En plus de cette rude concurrence et du coût élevé des barrières à l’entrée, le marché bancaire français est particulièrement réglementé. La réglementation française privilégie et protège fortement les consommateurs, compliquant ainsi la marge de manœuvre des banques opérant sur le territoire français.

En raison de ces difficultés, il est vraiment compliqué pour un concurrent étranger d’établir une banque de détail rentable en France. D’ailleurs, beaucoup ont essayé, mais très peu ont vraiment réussi.

Sia Conseil : A votre avis est-ce que la réforme du Livret A va transformer la concurrence entre les banques françaises ?
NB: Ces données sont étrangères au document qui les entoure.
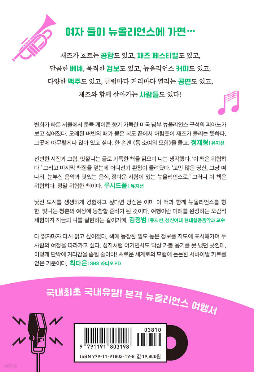 낯선 도시를 생생하게 경험하고 싶다면 당신은 이미 이 책과 함께 뉴올리언스를 향한, 빛나는 청춘의 여정에 동참할 준비가 된 것이다. 여행이란 미래를 완성하는 오감적 체험이자 지금의 나를 실현하는 길이기에. - 푸디토리움 (뮤지션)

E.E : La réforme du Livret A aura un impact sur les liquidités de certaines banques. Mais au-delà du pur aspect financier, il existe des enjeux stratégiques de positionnement pour toutes les banques.
Ainsi, sur le plan marketing, nous allons constater un effet légèrement positif à moyen terme pour les banques nouvellement distributrices puisqu’elles pourront élargir l’éventail de leurs produits. En revanche, les banques qui ont aujourd’hui le monopole sur la distribution de ce produit d’épargne risquent d’avoir un problème d’image puisque dans l’esprit des consommateurs, le Livret A est associé à la Banque Postale, au Groupe Caisse d’Epargne et au Crédit Mutuel. La réforme sur la distribution de ce produit sera donc une occasion pour ces banques de repenser leur stratégie et leur positionnement.

 PARCOURS

Edouard ESPARBES a exercé des responsabilités au plus haut niveau dans la banque en France.
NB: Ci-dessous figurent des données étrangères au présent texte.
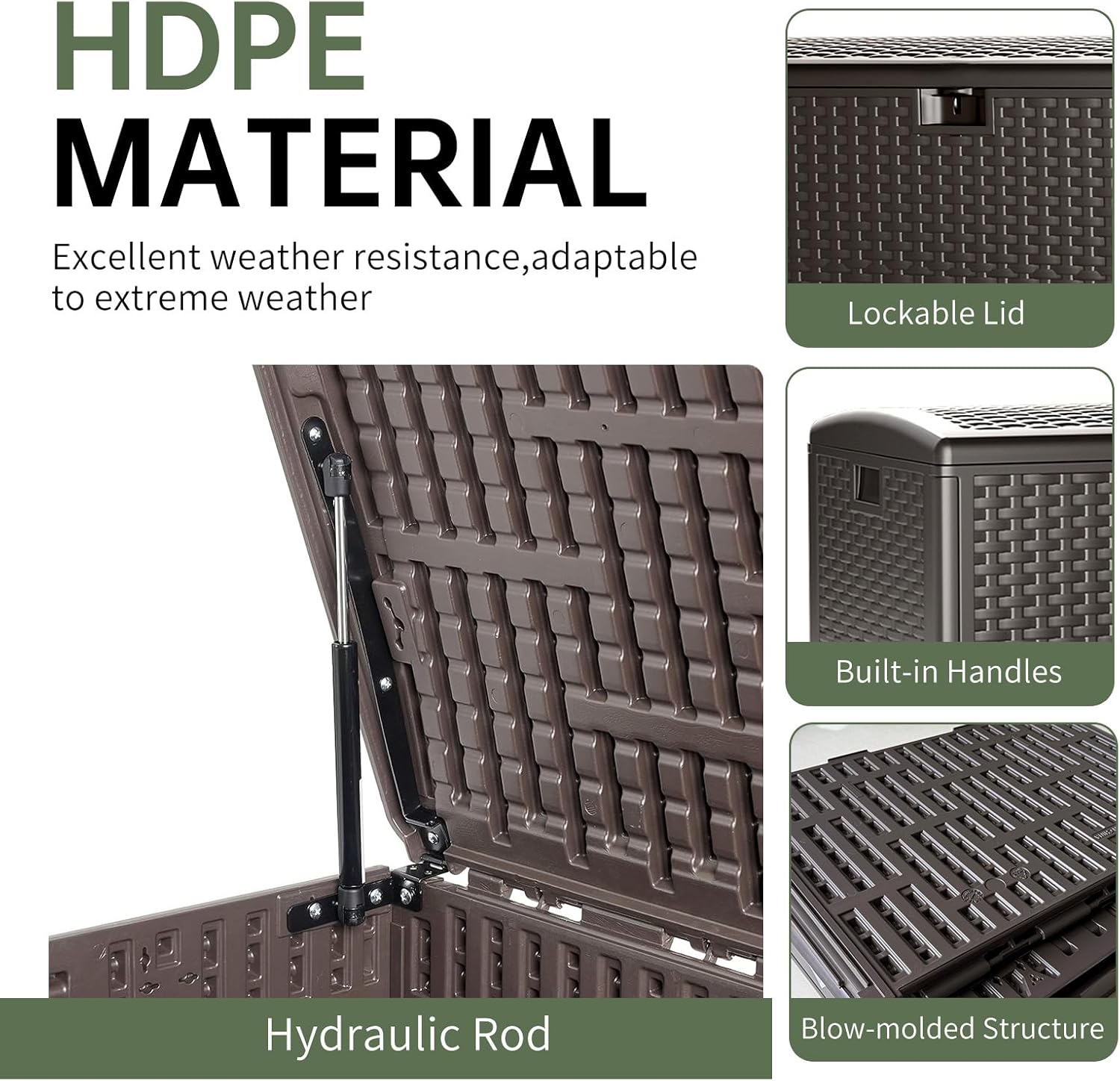 - HDPE Material:Create a tidy, cozy home while doing our part for a greener Earth! Our entire line of outdoor storage boxes is made from eco-friendly, recyclable HDPE, which is non-toxic and safe. Compared to PP material, HDPE offers superior durability, weather resistance, and waterproof performance—protecting your belongings year after year

De 1989 à 1993, il a été numéro 2 de la Caisse Nationale du Crédit Agricole. Il a ensuite été pendant plus de dix années Directeur Général de la Caisse Régionale du Crédit Agricole Ile-de-France et de 2004 à Août 2007, Directeur Général Délégué de Crédit Agricole SA (CASA), en charge de la constitution de la banque d’affaires Calyon issue de la fusion entre le Crédit Lyonnais et le Crédit Agricole Indosuez.

A travers ces fonctions, il a exercé dans tous les domaines de la banque, de l’assurance et de la finance.

Âgé de 63 ans, il est aujourd’hui Directeur Général Honoraire de Calyon, Vice-Président du Conseil de Surveillance du Crédit du Maroc et Président de Attijariwafa Bank Europe.

Par ailleurs, il est administrateur de la COFACE, de la banque Saudi Al Fransi et Senior Advisor chez Sia Conseil.